Philip Lane, ECB chief economist, Feb. 16

"This tightening is estimated to have already lowered inflation by around 0.2 percentage points in 2022. The considerable lags between monetary policy actions and their impact on inflation, however, imply that most of the effects are only expected to materialise from 2023 onward ... Inflation is estimated to be around 1.2 percentage points lower in 2023 and 1.8 percentage points lower in 2024."

Fabio Panetta, ECB board member, Feb. 16

"We should keep our policy tight until we see inflation firmly converging back to 2% over our policy horizon.

"But with rates now moving into restrictive territory, it is the extent and duration of monetary policy restriction that matters.

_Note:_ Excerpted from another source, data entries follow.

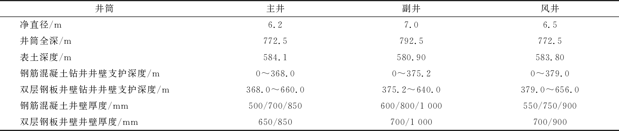 井筒主井副井风井净直径/m6.27.06.5井筒全深/m772.5792.5772.5表土深度/m584.1580.90583.80钢筋混凝土钻井井壁支护深度/m 0~368.00~375.20~379.0双层钢板井壁钻井井壁支护深度/m368.0~660.0375.2~640.0379.0~656.0钢筋混凝土井壁厚度/mm500/700/850600/800/1 000550/750/900双层钢板井壁井壁厚度/mm650/850700/1 000700/900
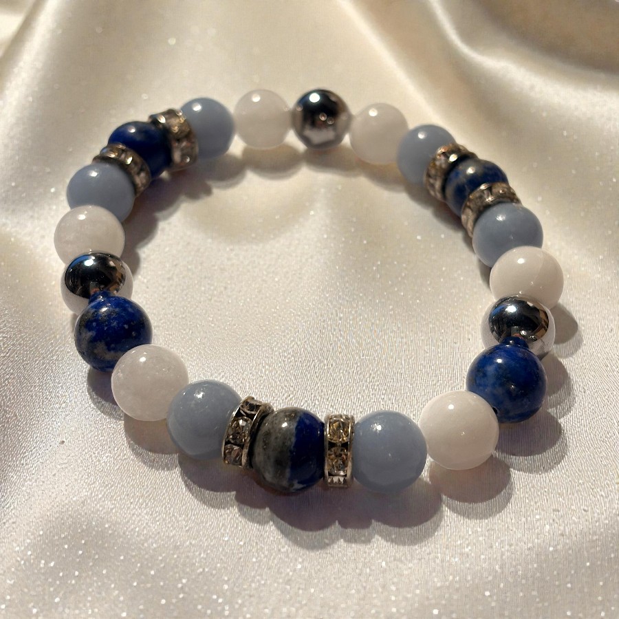 Ez az összeállítás sokak számára egyfajta belső rendrakás szimbóluma. Az angelitet gyakran társítják a megnyugváshoz és az őszinte önkifejezéshez, a lápisz lazulit a tiszta gondolkodáshoz és a belső igazság felismeréséhez, míg a jáde a harmónia és az arányérzék klasszikus ásványa. A hematit földelő karaktere segít abban, hogy ez a finom, világos minőség ne váljon szétszórttá, hanem a mindennapokban is jól hordható, kiegyensúlyozott ékszerként jelenjen meg.
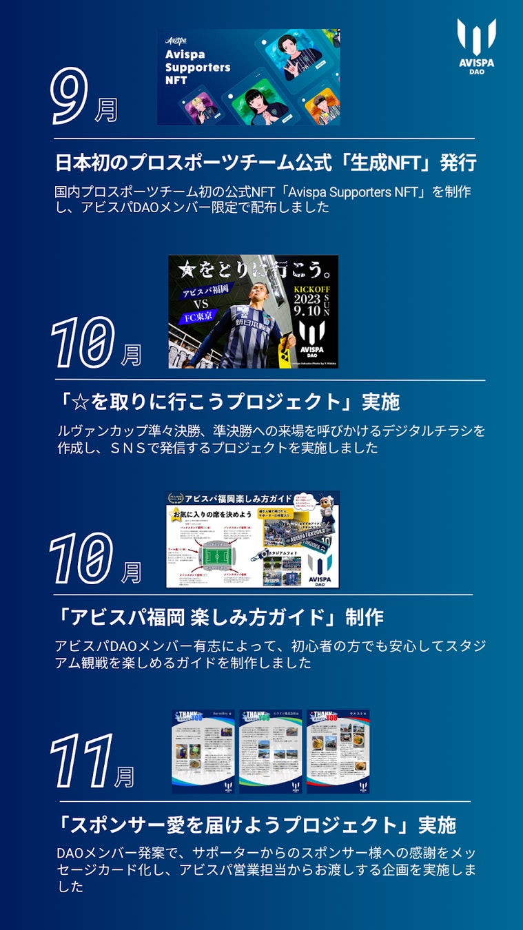 ・アビスパ福岡スポーツイノベーションDAO活動内容まとめサイト:https://www.notion.so/DAO-d4f968db1d0d4c02bec02f99e1a85513
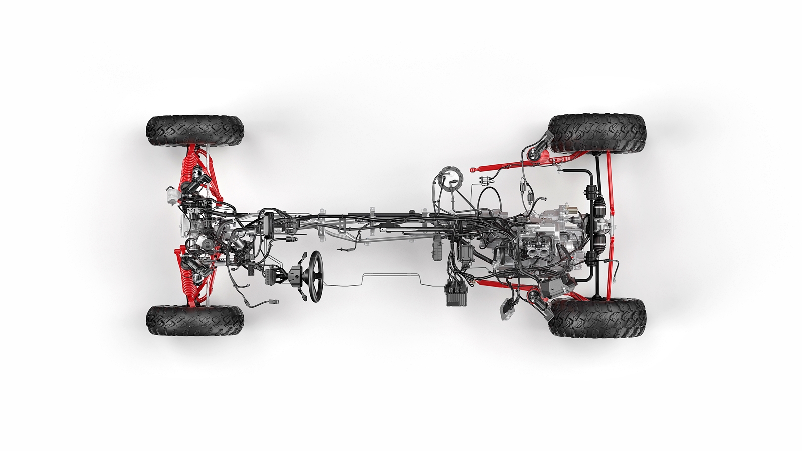 - Turut berbeza, konfigurasi suspensi belakang 4+ Link, absorber Fox Podium QS3 dengan saiz badan 2.5 inci.
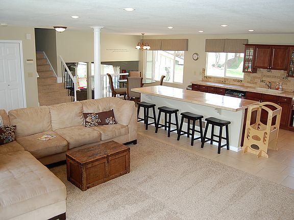 Come see this amazing updated home with its large open great room, dining space and kitchen that includes a 9 foot island and double oven. This home offers another generous sized living room with a wood burning fireplace. This level includes a sunroom that walks out to an amazing backyard with a composite deck that includes an outdoor kitchen. Upstairs, the main bedroom boasts a walk-in closet, double vessel sinks & tiled shower. Upstairs you will also find 2 other good sized bedrooms & 2 bathrooms. The basement includes a third living room space, daylight window, & 4th bedroom. There is an attached 3 car garage. Just inside the house from the garage is a mudroom area and the laundry room. Lawn care and snow removal are the tenants responsibility.
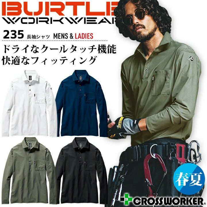 バートル 長袖シャツ 235 春夏 男女兼用 メンズ レディース ストレッチ UVカット 接触冷感 吸水速乾 消臭 作業服 作業着 BURTLE【3XL】
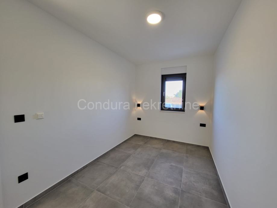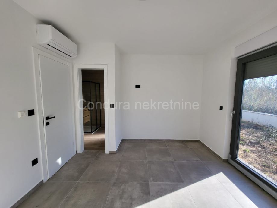 Oba apartmana se sastoje od kuhinje s blagovaonicom i dnevnim boravkom, natkrivene terase, dvije spavaće sobe od kojih jedna ima vlastitu kupaonicu te još jedne dodatne kupaonice. Svakom apartmanu pripadaju dva parkirna mjesta i dio vrta.
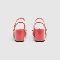 In the Spring Summer 2025 collection, the iconic Horsebit defines this pair of patent leather pumps. The rounded toe and the adjustable ankle closure complete the style, enhancing its preppy spirit. - Bright pink patent leather - Women's - Light gold-toned hardware - Horsebit - Leather sole - Mid-heel - Height: 2.1" - Made in Italy
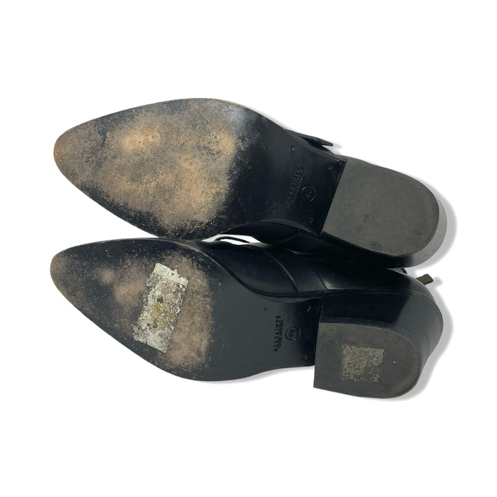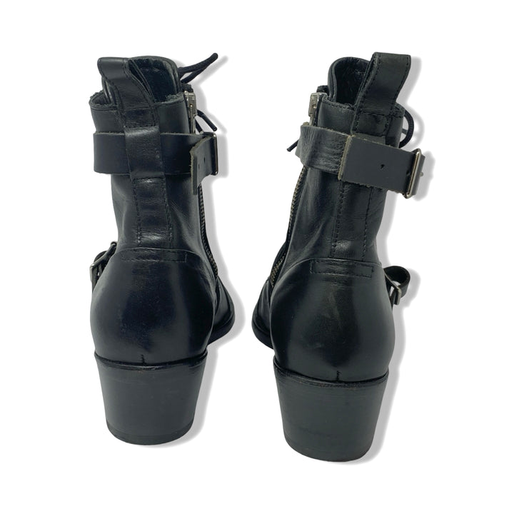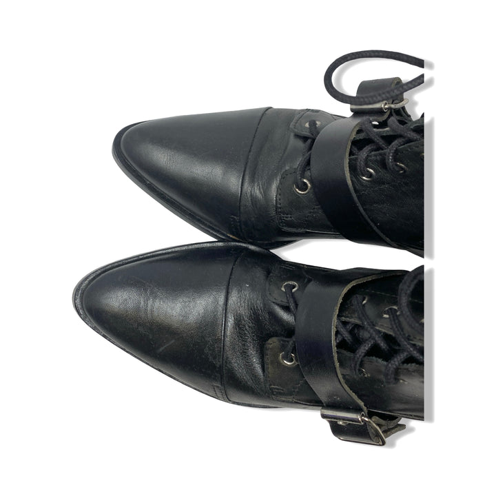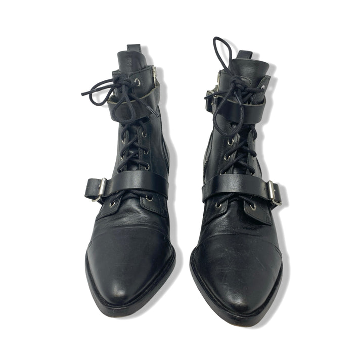 - Pointed toe lace up boots with buckle closure straps and a side zip closure.
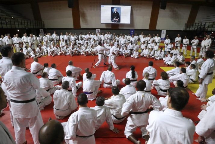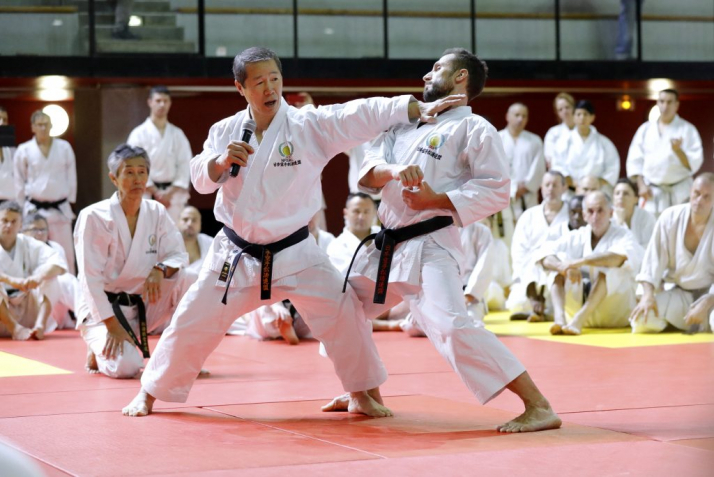 На Олимпийских играх в Токио я почувствовал, что то, что мы показали миру в этой уникальной возможности, не является самым лучшим изображением каратэ. Мы видели хороших спортсменов, но в реальном бою ты так не двигаешься. Посмотрите на двух адептов кендо: они не прыгают, стоят в естественной позе, и когда один из них видит, что соперник открылся, он рубит ударом. Это дух настоящего боя! Этот способ движения [в каратэ WKF], эти проявления радости или разочарования не являются сущностью каратэ с Окинавы. Мы также видели ценную технику, но ката должна быть текучей, как вода… Мы модифицировали форму и дух в соответствии с требованиями соревнований. Однако сколько практикующих мотивированы спортивными занятиями? Небольшой процент. Остальные занимаются каратэ в его традиционном измерении. Когда Дзигоро Кано, создатель дзюдо, встретил Гитина Фунакоси и призвал его приехать в Токио, в то время были другие специалисты по каратэ, которые были более впечатляющими и сильными, чем Фунакоси. Но не их любил Кано. Он увидел, что Гитин несет в себе достоинство и позицию, которые казались ему образцовыми. После Олимпиады я дал такой совет Японской федерации каратэ: вернитесь к духу Фунакоси!

By smoothing our policy rate hikes – that is, moving in small steps – we can ensure that we calibrate (policy) more precisely.

"We now need to take into account the risk of overtightening alongside the risk of doing too little."

Gabriel Makhlouf, Irish central bank chief, Feb. 14

"I could see it [interest rates] being higher than 3.5% ... I’m open to acting forcefully to get inflation down to our target.”

Ignazio Visco, Italian central bank chief, Feb. 11

"Disinflation is obviously needed, but given the levels of private and public debts that prevail in the euro area, we must be careful to avoid engineering an unnecessary and excessive rise in real interest rates.

"The costs linked to the risk of doing too much must not be considered less important, as we have learned from the experience in the aftermath of the great financial crisis."

Boris Vujcic, Croatian central bank governor, Feb. 10

"I would agree that we are likely to see more rate action beyond March."

Klaas Knot, Dutch central bank chief, Feb. 8

"If underlying inflation pressures do not materially abate, maintaining the current pace of hikes into May could well remain warranted.

"Once we see a clear and decisive turn in underlying inflation dynamics, I ... expect us to move to smaller steps. Absent such a turn, the ECB will continue to stay the course on its steady pace upwards."

Joachim Nagel, German central bank chief, Feb. 7

"From where I stand today we need further, significant rate hikes."

Pierre Wunsch, Belgian central bank chief, Feb. 3

"I don’t think we're going to move from 50 basis points (in March) to zero. It might be another 50 basis points or we might be moving to 25. I will certainly not exclude another 50 basis points but that's going to be dependent on the data."

"If core (inflation) remains persistent, if we keep seeing core momentum being close to 5%, for me a terminal rate of 3.5% would be a minimum."

Gediminas Simkus, Lithuanian central bank chief, Feb. 3

"The March rate hike is not the last one. It could be 50 basis points in (May) or 25, but hardly 75."